▶ [Data shown]:
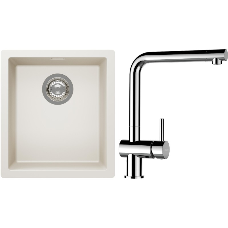 Cenově zvýhodněný set dřezu a baterie Schock S12-12 - obsahuje granitový jednodřez Kaia N-100S Magnolia a baterii Epos Chrom.
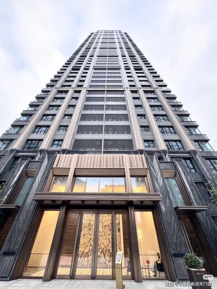 从色彩上来看,建筑多采用棕色、灰色、黄色等古典主义建筑中常见的色调,建筑显得威仪肃穆。材质采用公建化设计,以玻璃、铝板、石材等现代材质和简洁的设计手法,通过竖向线条和立面层次,突出建筑挺拔体态,树立超高层住宅公建化建筑效果。模数化铝板石材幕墙,采用数字化设计的定制铝板,形成富有韵律的光影效果。
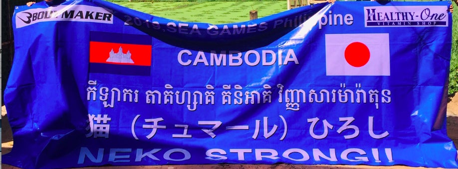▲これを、カンボジアから日本へお持ちします→11・8(金)、日本で皆様のメッセージを記入します→フィリピンのメインスタジアムへGO!!
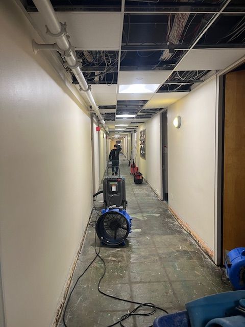 On December 26, 2023, NJCU experienced a catastrophic water loss event during winter break. A total of 27 separate pipe failures resulted in extensive flooding across three academic buildings, placing critical campus facilities at risk of prolonged closure. The scale and complexity of the loss exceeded the capacity of the initially engaged restoration contractor.
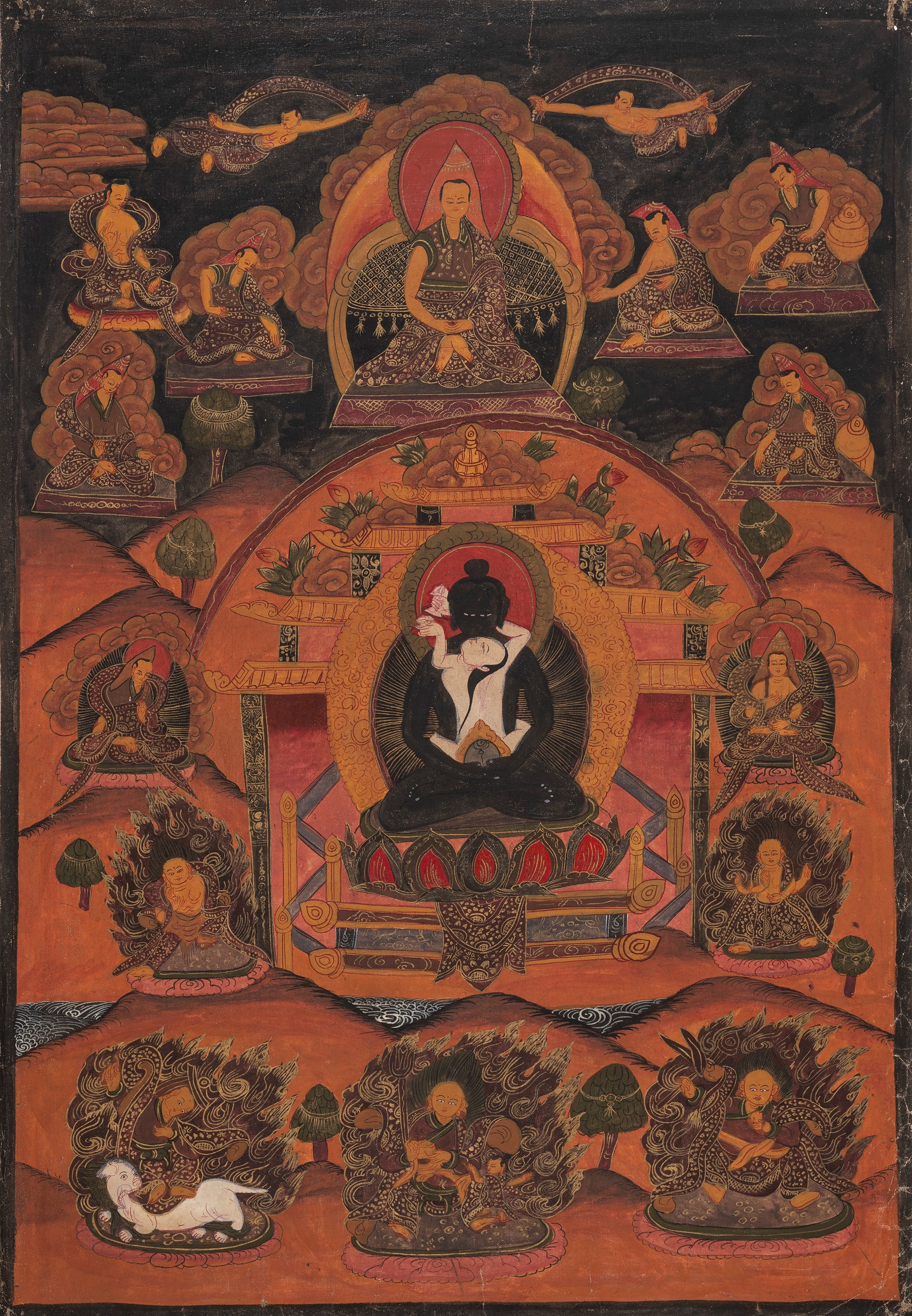A THANGKA PAINTED ON SILK, Tibet, 19/ 20th century
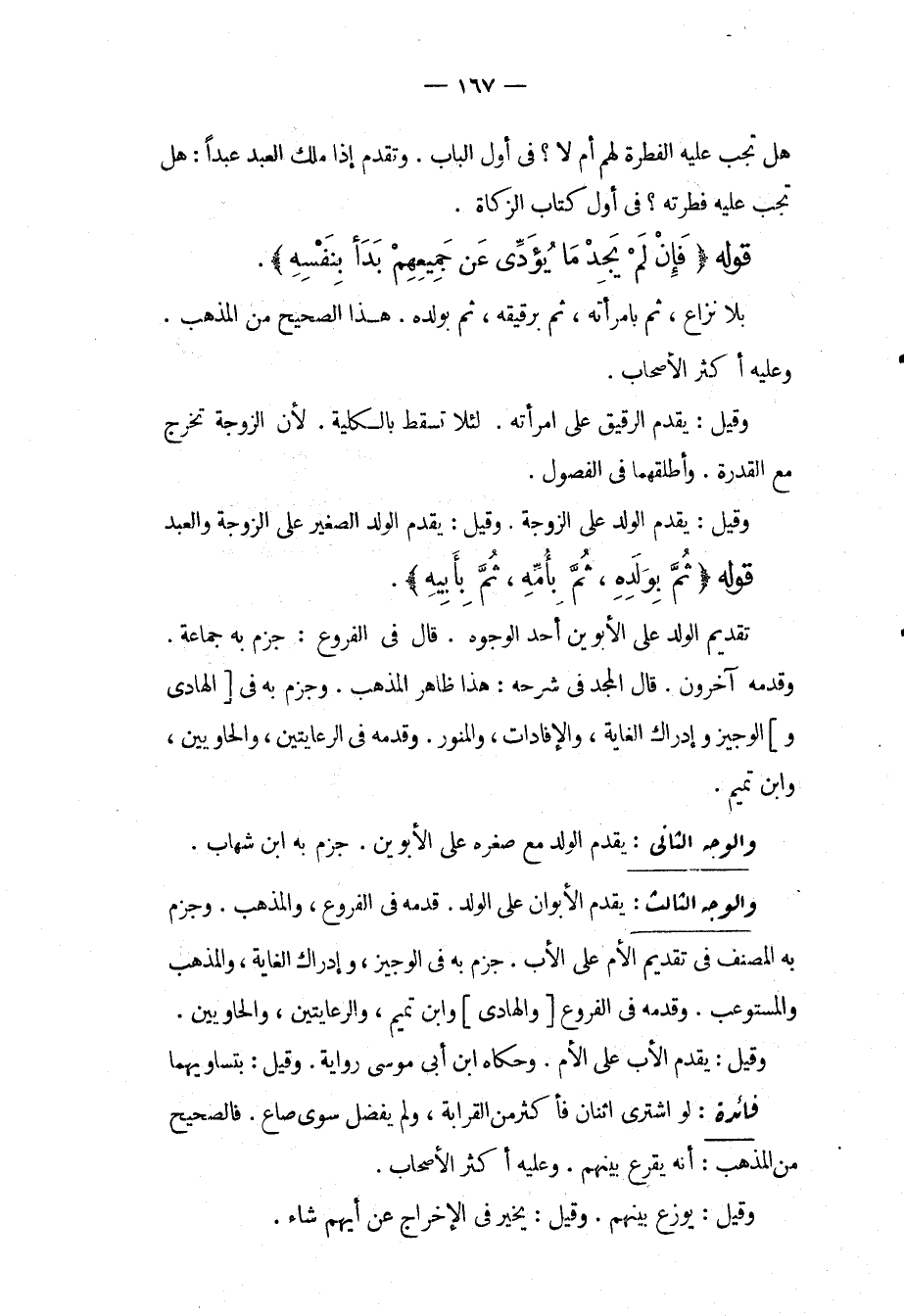 قَوْلُهُ (فَإِنْ لَمْ يَجِدْ مَا يُؤَدِّي عَنْ جَمِيعِهِ بَدَأَ بِنَفْسِهِ) بِلَا نِزَاعٍ، ثُمَّ بِامْرَأَتِهِ، ثُمَّ بِرَقِيقِهِ، ثُمَّ بِوَلَدِهِ. هَذَا الصَّحِيحُ مِنْ الْمَذْهَبِ، وَعَلَيْهِ أَكْثَرُ الْأَصْحَابِ، وَقِيلَ: يُقَدِّمُ الرَّقِيقَ عَلَى امْرَأَتِهِ. لِئَلَّا تَسْقُطَ بِالْكُلِّيَّةِ، لِأَنَّ الزَّوْجَةَ تُخْرِجُ مَعَ الْقُدْرَةِ، وَأَطْلَقَهُمَا فِي الْفُصُولِ، وَقِيلَ: يُقَدِّمُ الْوَلَدَ عَلَى الزَّوْجَةِ، وَقِيلَ: يُقَدِّمُ الْوَلَدَ الصَّغِيرَ عَلَى الزَّوْجَةِ وَالْعَبْدِ قَوْلُهُ (ثُمَّ بِوَلَدِهِ، ثُمَّ بِأُمِّهِ، ثُمَّ بِأَبِيهِ) تَقْدِيمُ الْوَلَدِ عَلَى الْأَبَوَيْنِ أَحَدُ الْوُجُوهِ. قَالَ فِي الْفُرُوعِ: جَزَمَ بِهِ جَمَاعَةٌ، وَقَدَّمَهُ آخَرُونَ. قَالَ الْمَجْدُ فِي شَرْحِهِ: هَذَا ظَاهِرُ الْمَذْهَبِ، وَجَزَمَ بِهِ فِي [الْهَادِي] وَالْوَجِيزِ وَإِدْرَاكِ الْغَايَةِ، وَالْإِفَادَاتِ، وَالْمُنَوِّرِ، وَقَدَّمَهُ فِي الرِّعَايَتَيْنِ، وَالْحَاوِيَيْنِ، وَابْنُ تَمِيمٍ، وَالْوَجْهُ الثَّانِي: يُقَدَّمُ الْوَلَدُ مَعَ صِغَرِهِ عَلَى الْأَبَوَيْنِ، جَزَمَ بِهِ ابْنُ شِهَابٍ، وَالْوَجْهُ الثَّالِثُ: يُقَدَّمُ الْأَبَوَانِ عَلَى الْوَلَدِ، قَدَّمَهُ فِي الْفُرُوعِ، وَالْمُذْهَبِ، وَجَزَمَ بِهِ الْمُصَنِّفُ فِي تَقْدِيمِ الْأُمِّ عَلَى الْأَبِ، جَزَمَ بِهِ فِي الْوَجِيزِ، وَإِدْرَاكِ الْغَايَةِ، وَالْمُذْهَبِ وَالْمُسْتَوْعِبِ، وَقَدَّمَهُ فِي الْفُرُوعِ [وَالْهَادِي] وَابْنُ تَمِيمٍ، وَالرِّعَايَتَيْنِ، وَالْحَاوِيَيْنِ، وَقِيلَ: يُقَدَّمُ الْأَبُ عَلَى الْأُمِّ، وَحَكَاهُ ابْنُ أَبِي مُوسَى رِوَايَةً. وَقِيلَ: بِتَسَاوِيهِمَا فَائِدَةٌ: لَوْ اشْتَرَى اثْنَانِ فَأَكْثَرُ مِنْ الْقَرَابَةِ، وَلَمْ يَفْضُلْ سِوَى صَاعٍ فَالصَّحِيحُ مِنْ الْمَذْهَبِ: أَنَّهُ يُقْرِعُ بَيْنَهُمْ. وَعَلَيْهِ أَكْثَرُ الْأَصْحَابِ، وَقِيلَ: يُوَزِّعُ بَيْنَهُمْ، وَقِيلَ: يُخَيَّرُ فِي الْإِخْرَاجِ عَنْ أَيِّهِمْ شَاءَ.
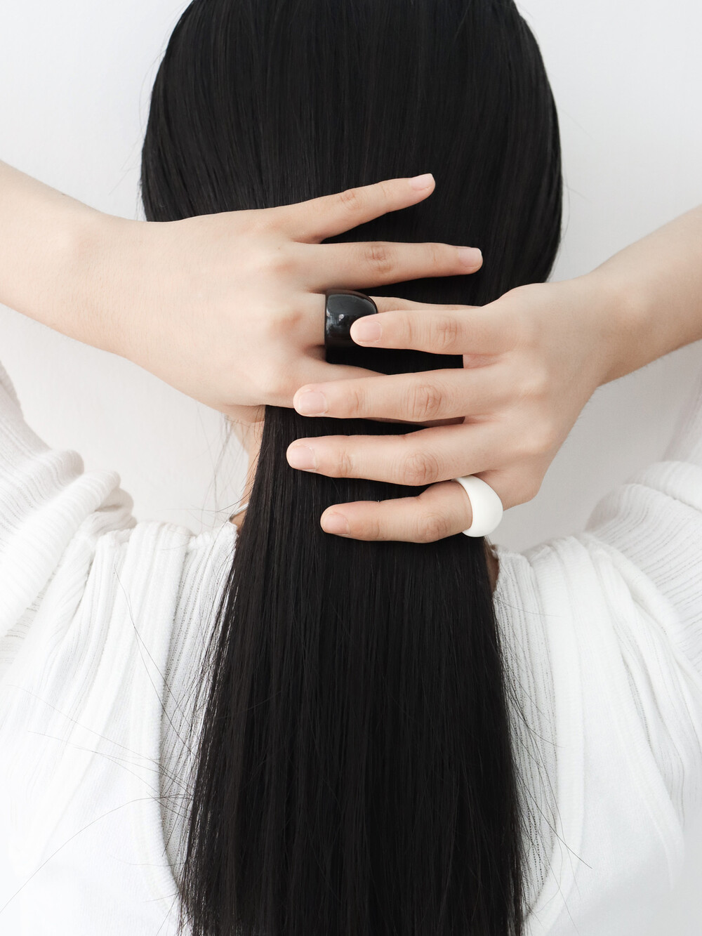 두께감이 있지만 아크릴 소재로 가볍게 착용됩니다
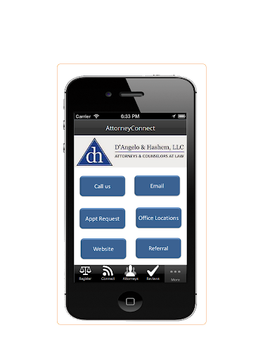 The Greater Boston attorneys at D’Angelo & Hashem offers this mobile app to our clients and friends for direct access to our law firm and attorneys as well as for access to other useful tools and helpful resources such as an appointment scheduler, GPS directions, client alerts and updates, legal articles, and FAQ's. We encourage our clients and friends to download our mobile app to your phone and stay connected with us. Please note, downloading or using our mobile application does not constitute or establish an attorney client relationship.
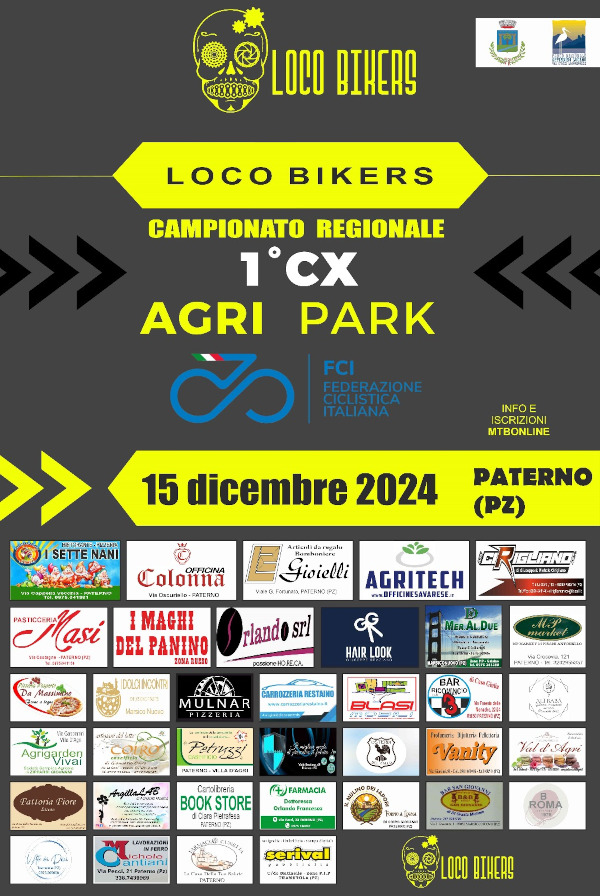 Il ciclocross torna a riconquistare la scena nel territorio della Val d’Agri e i migliori specialisti di questa disciplina invernale delle due ruote sono pronti a dare prova delle proprie capacità e di abilità tecnica in una spettacolare e inedita gara: si tratta della prima edizione del Ciclocross Agripark a Paterno in data domenica 15 dicembre.
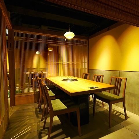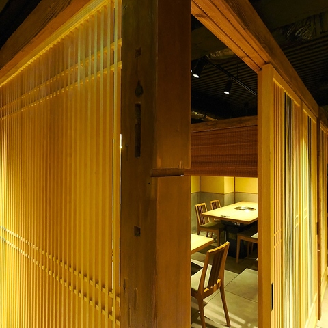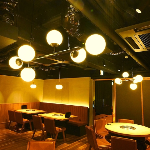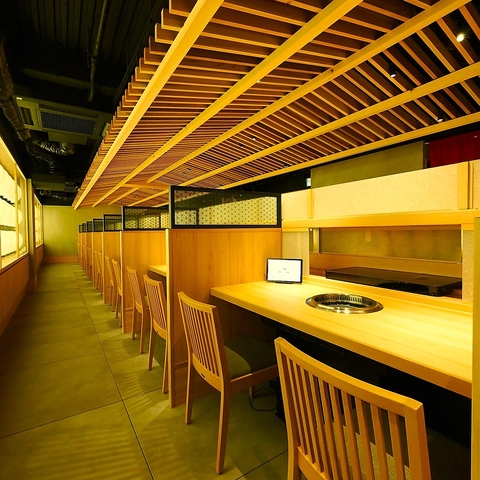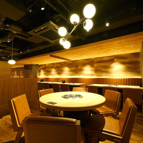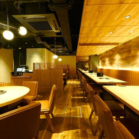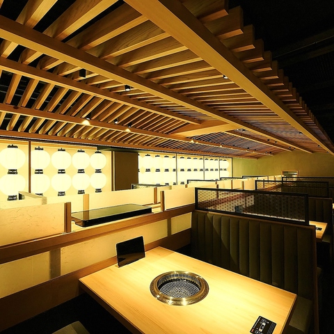 【2F 最新設備導入! 】木のぬくもりを感じる和風のインテリアが特徴です。落ち着いたトーンの色合いとシンプルなデザインのテーブルや椅子が配置され、居心地の良い空間を演出しています。柔らかい照明が心地よい雰囲気を作り出し、友人や家族との食事に最適です。店内にはお肉がレーンにのって届けられる最新設備も導入!
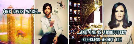 Text?: For Rafe's side: "One loves magic..." For Elaina's side: "...and one is absolutely clueless about it!"
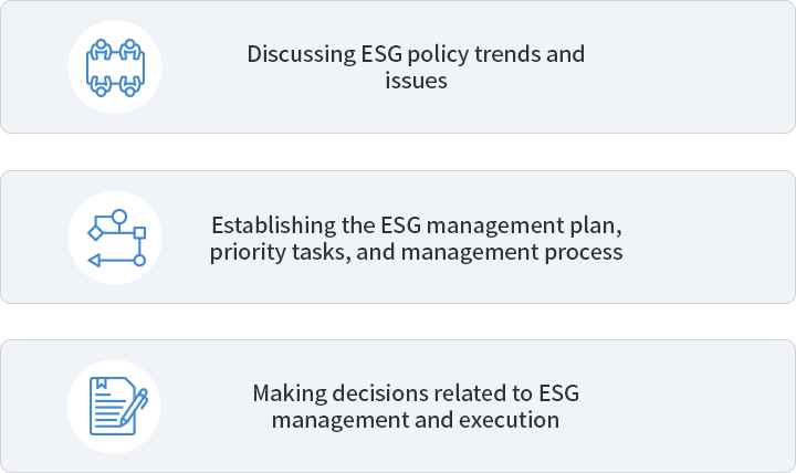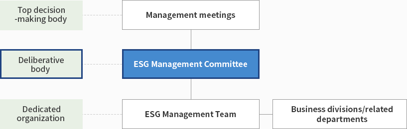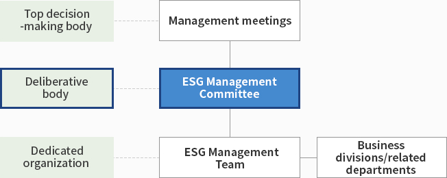 To promote systematic ESG management, we have established an ESG Management Committee under the Management Council, the top decision-making body.

▶ [What is being asked]: Wherever a picture appears in the material above, skip it and copy the rest without change.

▶ [Finished task]:
 Cenově zvýhodněný set dřezu a baterie Schock S12-12 - obsahuje granitový jednodřez Kaia N-100S Magnolia a baterii Epos Chrom.
 从色彩上来看,建筑多采用棕色、灰色、黄色等古典主义建筑中常见的色调,建筑显得威仪肃穆。材质采用公建化设计,以玻璃、铝板、石材等现代材质和简洁的设计手法,通过竖向线条和立面层次,突出建筑挺拔体态,树立超高层住宅公建化建筑效果。模数化铝板石材幕墙,采用数字化设计的定制铝板,形成富有韵律的光影效果。
▲これを、カンボジアから日本へお持ちします→11・8(金)、日本で皆様のメッセージを記入します→フィリピンのメインスタジアムへGO!!
 On December 26, 2023, NJCU experienced a catastrophic water loss event during winter break. A total of 27 separate pipe failures resulted in extensive flooding across three academic buildings, placing critical campus facilities at risk of prolonged closure. The scale and complexity of the loss exceeded the capacity of the initially engaged restoration contractor.
A THANGKA PAINTED ON SILK, Tibet, 19/ 20th century
 قَوْلُهُ (فَإِنْ لَمْ يَجِدْ مَا يُؤَدِّي عَنْ جَمِيعِهِ بَدَأَ بِنَفْسِهِ) بِلَا نِزَاعٍ، ثُمَّ بِامْرَأَتِهِ، ثُمَّ بِرَقِيقِهِ، ثُمَّ بِوَلَدِهِ. هَذَا الصَّحِيحُ مِنْ الْمَذْهَبِ، وَعَلَيْهِ أَكْثَرُ الْأَصْحَابِ، وَقِيلَ: يُقَدِّمُ الرَّقِيقَ عَلَى امْرَأَتِهِ. لِئَلَّا تَسْقُطَ بِالْكُلِّيَّةِ، لِأَنَّ الزَّوْجَةَ تُخْرِجُ مَعَ الْقُدْرَةِ، وَأَطْلَقَهُمَا فِي الْفُصُولِ، وَقِيلَ: يُقَدِّمُ الْوَلَدَ عَلَى الزَّوْجَةِ، وَقِيلَ: يُقَدِّمُ الْوَلَدَ الصَّغِيرَ عَلَى الزَّوْجَةِ وَالْعَبْدِ قَوْلُهُ (ثُمَّ بِوَلَدِهِ، ثُمَّ بِأُمِّهِ، ثُمَّ بِأَبِيهِ) تَقْدِيمُ الْوَلَدِ عَلَى الْأَبَوَيْنِ أَحَدُ الْوُجُوهِ. قَالَ فِي الْفُرُوعِ: جَزَمَ بِهِ جَمَاعَةٌ، وَقَدَّمَهُ آخَرُونَ. قَالَ الْمَجْدُ فِي شَرْحِهِ: هَذَا ظَاهِرُ الْمَذْهَبِ، وَجَزَمَ بِهِ فِي [الْهَادِي] وَالْوَجِيزِ وَإِدْرَاكِ الْغَايَةِ، وَالْإِفَادَاتِ، وَالْمُنَوِّرِ، وَقَدَّمَهُ فِي الرِّعَايَتَيْنِ، وَالْحَاوِيَيْنِ، وَابْنُ تَمِيمٍ، وَالْوَجْهُ الثَّانِي: يُقَدَّمُ الْوَلَدُ مَعَ صِغَرِهِ عَلَى الْأَبَوَيْنِ، جَزَمَ بِهِ ابْنُ شِهَابٍ، وَالْوَجْهُ الثَّالِثُ: يُقَدَّمُ الْأَبَوَانِ عَلَى الْوَلَدِ، قَدَّمَهُ فِي الْفُرُوعِ، وَالْمُذْهَبِ، وَجَزَمَ بِهِ الْمُصَنِّفُ فِي تَقْدِيمِ الْأُمِّ عَلَى الْأَبِ، جَزَمَ بِهِ فِي الْوَجِيزِ، وَإِدْرَاكِ الْغَايَةِ، وَالْمُذْهَبِ وَالْمُسْتَوْعِبِ، وَقَدَّمَهُ فِي الْفُرُوعِ [وَالْهَادِي] وَابْنُ تَمِيمٍ، وَالرِّعَايَتَيْنِ، وَالْحَاوِيَيْنِ، وَقِيلَ: يُقَدَّمُ الْأَبُ عَلَى الْأُمِّ، وَحَكَاهُ ابْنُ أَبِي مُوسَى رِوَايَةً. وَقِيلَ: بِتَسَاوِيهِمَا فَائِدَةٌ: لَوْ اشْتَرَى اثْنَانِ فَأَكْثَرُ مِنْ الْقَرَابَةِ، وَلَمْ يَفْضُلْ سِوَى صَاعٍ فَالصَّحِيحُ مِنْ الْمَذْهَبِ: أَنَّهُ يُقْرِعُ بَيْنَهُمْ. وَعَلَيْهِ أَكْثَرُ الْأَصْحَابِ، وَقِيلَ: يُوَزِّعُ بَيْنَهُمْ، وَقِيلَ: يُخَيَّرُ فِي الْإِخْرَاجِ عَنْ أَيِّهِمْ شَاءَ.
 두께감이 있지만 아크릴 소재로 가볍게 착용됩니다
 The Greater Boston attorneys at D’Angelo & Hashem offers this mobile app to our clients and friends for direct access to our law firm and attorneys as well as for access to other useful tools and helpful resources such as an appointment scheduler, GPS directions, client alerts and updates, legal articles, and FAQ's. We encourage our clients and friends to download our mobile app to your phone and stay connected with us. Please note, downloading or using our mobile application does not constitute or establish an attorney client relationship.
 Il ciclocross torna a riconquistare la scena nel territorio della Val d’Agri e i migliori specialisti di questa disciplina invernale delle due ruote sono pronti a dare prova delle proprie capacità e di abilità tecnica in una spettacolare e inedita gara: si tratta della prima edizione del Ciclocross Agripark a Paterno in data domenica 15 dicembre.
 【2F 最新設備導入! 】木のぬくもりを感じる和風のインテリアが特徴です。落ち着いたトーンの色合いとシンプルなデザインのテーブルや椅子が配置され、居心地の良い空間を演出しています。柔らかい照明が心地よい雰囲気を作り出し、友人や家族との食事に最適です。店内にはお肉がレーンにのって届けられる最新設備も導入!
 Text?: For Rafe's side: "One loves magic..." For Elaina's side: "...and one is absolutely clueless about it!"
 To promote systematic ESG management, we have established an ESG Management Committee under the Management Council, the top decision-making body.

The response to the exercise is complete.